The British parliament supposes they have many friends in America, and that when all chance of conquest is over, they will be able to draw her from her alliance with France. Now, if I have any conception of the human heart, they will fail in this more than in any thing that they have yet tried,
This part of the business is not a question of policy only but of honor and honesty; and the proposition will have in it something so visibly low and base that their partisans, if they have any, will be ashamed of it. Men are often hurt by a mean action who are not startled at a wicked one, and this will be such a confession of inability, such a declaration of servile thinking, that the scandal of it will ruin all their hopes.

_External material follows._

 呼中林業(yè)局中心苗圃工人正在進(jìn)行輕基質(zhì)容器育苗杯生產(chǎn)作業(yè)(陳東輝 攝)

In short, we have nothing to do but to go on with vigor and determination. The enemy is yet in our country. They hold New-York, Charleston and Savannah, and the very being in those places is an offence, and a part of offensive war, and until they can be driven from them or captured in them, it would be folly in us to listen to an idle tale. I take it for granted that the British ministry are sinking under the impossibility of carrying on the war. Let them then come to a fair and open peace with France, Spain, Holland and America in the manner that she ought to do; but until then we can have nothing to say to them. COMMON SENSE,
Philadelphia, May, 22, 1782.
TO SIR GUY CARLETON.
It is the nature of compassion to associate with misfortune; and I address this to you in behalf even of an enemy, a captain in the British service, now on his way to the headquarters of the American army, and unfortunately doomed to death for a crime not his own. A sentence so extraordinary, an execution so repugnant to every human sensation, ought never to be told without the circumstances which produced it and as the destined victim is yet in existence, and in your hands rest his life or death, I shall briefly state the case, and the melancholy consequence.

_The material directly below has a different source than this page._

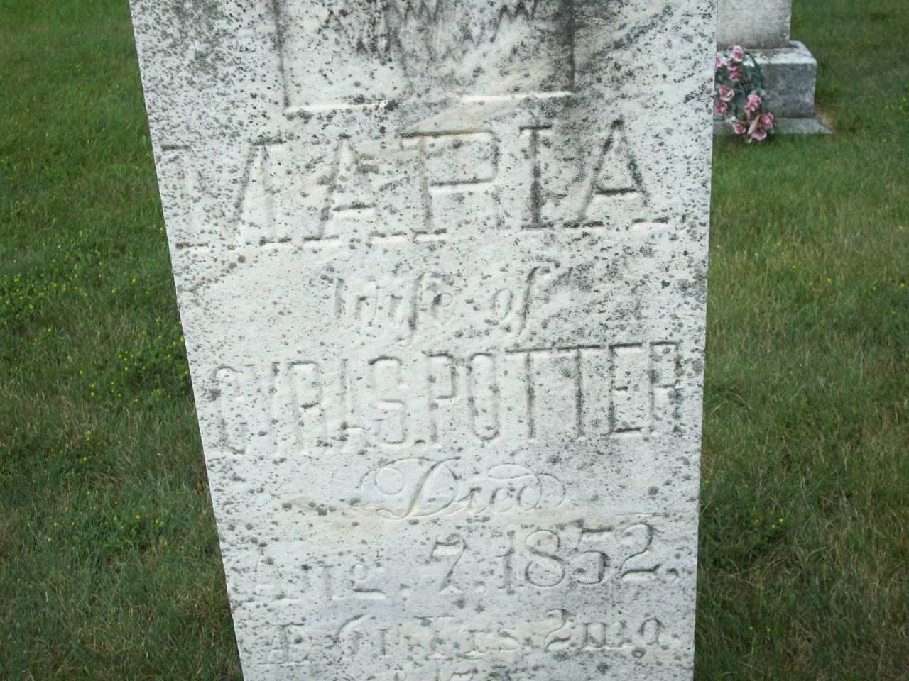 CemSearch: Name: Maria Potter; Born: May 1790; Died: Aug 7 1852l Age: 61; ID: WOODS195; No other names: Cemetery: Woods Cemetery, Conc 1 Lot 12, Cramahe Twp., Northumberland Co., Sec S Row 6 Plot 5 (https://www.cemsearch.ca/burial/?pid=WOODS195%5E0.)2,5

Captain Huddy, of the Jersey militia, was attacked in a small fort on Tom's River, by a party of refugees in the British pay and service, was made prisoner together with his company, carried to New-York and lodged in the provost of that city: about three weeks after which, he was taken out of the provost down to the water-side, put into a boat and brought again upon the Jersey shore, and there, contrary to the practice of all nations but savages, was hung up on a tree, and left hanging till found by our people, who took him down and buried him.
The inhabitants of that part of the country where the murder was committed, sent a deputation to general Washington with a full and certified statement of the fact.Struck, as every human breast must be, with such brutish outrage, and determined both to punish and prevent it for the future, the general represented the case to general Clinton, who then commanded, and demanded that the refugee officer who ordered and attended the execution, and whose name is Lippincut, should be delivered up as a
murderer; and in case of refusal, that the person of some British officer should suffer in his stead. The demand, though not refused, has not been complied with; and the melancholy lot (not by selection, but by casting lots) has fallen upon captain Asgill, of the guards, who, as I have already mentioned, is on his way from Lancaster to camp, a martyr to the general wickedness of the cause he engaged in, and the ingratitude of those whom he served.
The first reflection which arises on this black business is, what sort of men must Englishmen be, and what sort of order and discipline do they preserve in their army, when in the immediate place of their head-quarters, and under the eye and nose of their commander-in-chief, a prisoner can be taken at pleasure from his confinement, and his death made a matter of sport.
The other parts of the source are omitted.